Enhancing Large Language Model Reasoning with Concise Outputs

TLDR: This research addresses the ‘overthinking’ problem in Large Reasoning Models (LRMs), where they generate verbose and redundant responses, leading to high computational costs. Existing solutions like length penalties often cause ‘length collapse’ or ‘training collapse.’ The paper proposes a Conciseness Reward Model (CRM) to score reasoning path conciseness and a novel Conciseness Reward Function (CRF). CRF applies conciseness scores only for correct answers, incorporating annealing and difficulty coefficients. This approach theoretically reduces variance and improves convergence, while practically achieving 8.1% accuracy improvement and 19.9% token reduction on Qwen2.5-7B, and generalizes to other LLMs like Llama and Mistral, offering a better balance between reasoning effectiveness and efficiency.

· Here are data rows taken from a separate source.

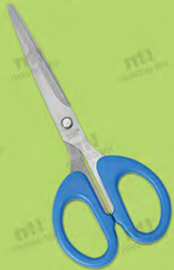
6901-5042A Size: 8.5" Thickness: 2.5mm Material: ABS Handle
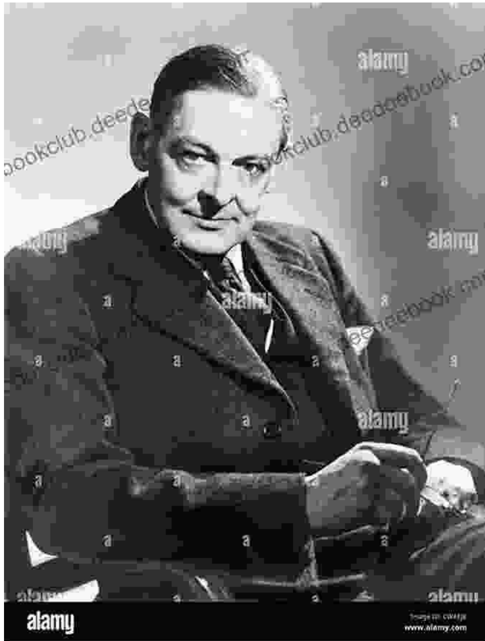
Figure 2. T.S. Eliot, a literary giant who delved into themes of fragmentation and alienation.

Eliot's poetry evokes the fragmented experiences of individuals lost in a labyrinth of modern life. His use of symbolism and allusion draws from Jung's archetypes, exploring the collective fears, desires, and anxieties of the human condition. Eliot's work not only captures the psychological
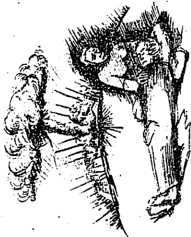
—Hiroshima, August 6, 1945
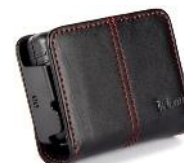
Leather horizontal holster
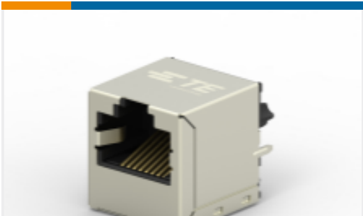
TE Part #5-2301995-1 RJ45 JACK INT.MAG. 1GB 1X1 VERT.
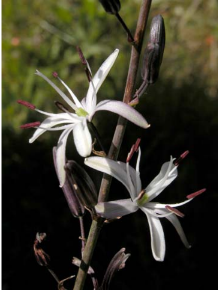
Common Soap Plant Chlorogalum pomeridianum var. pomeridianum Native Perennial Lily Family

Large Language Models (LLMs) have made incredible strides in reasoning capabilities, giving rise to what are known as Large Reasoning Models (LRMs). However, a common challenge with these advanced models, such as DeepSeek-R1 and OpenAI o1, is their tendency to ‘overthink.’ This means they often generate overly verbose responses filled with redundant or irrelevant steps, significantly increasing computational costs and making their outputs less efficient.

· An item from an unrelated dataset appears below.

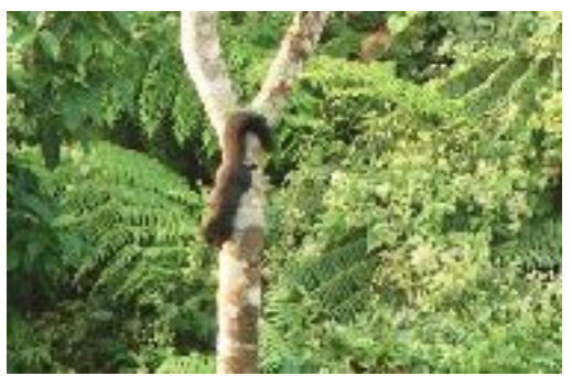
Figure 7. Orange Bellied Himalayan Squirrel Dremomy lokriah
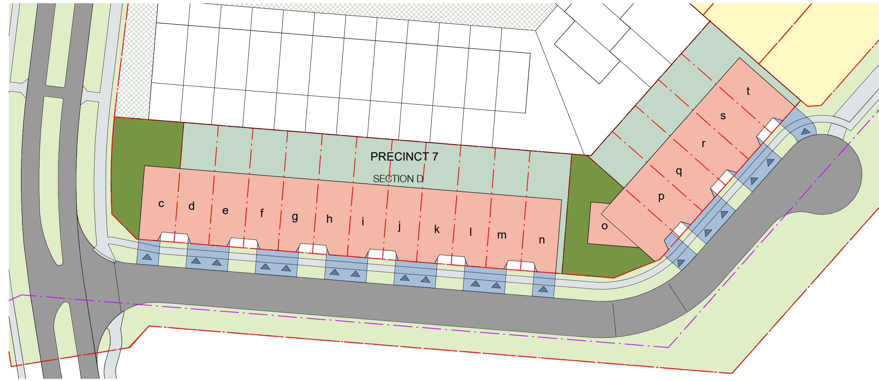
1 PRECINCT 7 - INTEGRATED HOUSING DEVELOPMENT PLAN 1 : 500@A1

Previous attempts to address this ‘overthinking’ issue typically involved adding length penalties to the reward functions used in reinforcement learning. While seemingly straightforward, researchers have identified two critical problems with this approach: ‘length collapse’ and ‘training collapse.’ Length collapse occurs when models drastically reduce token length but at the expense of impaired logical reasoning, often leading to rote memorization of answers. Training collapse, on the other hand, sees both the reward and the number of tokens decline, indicating a failure in effective learning.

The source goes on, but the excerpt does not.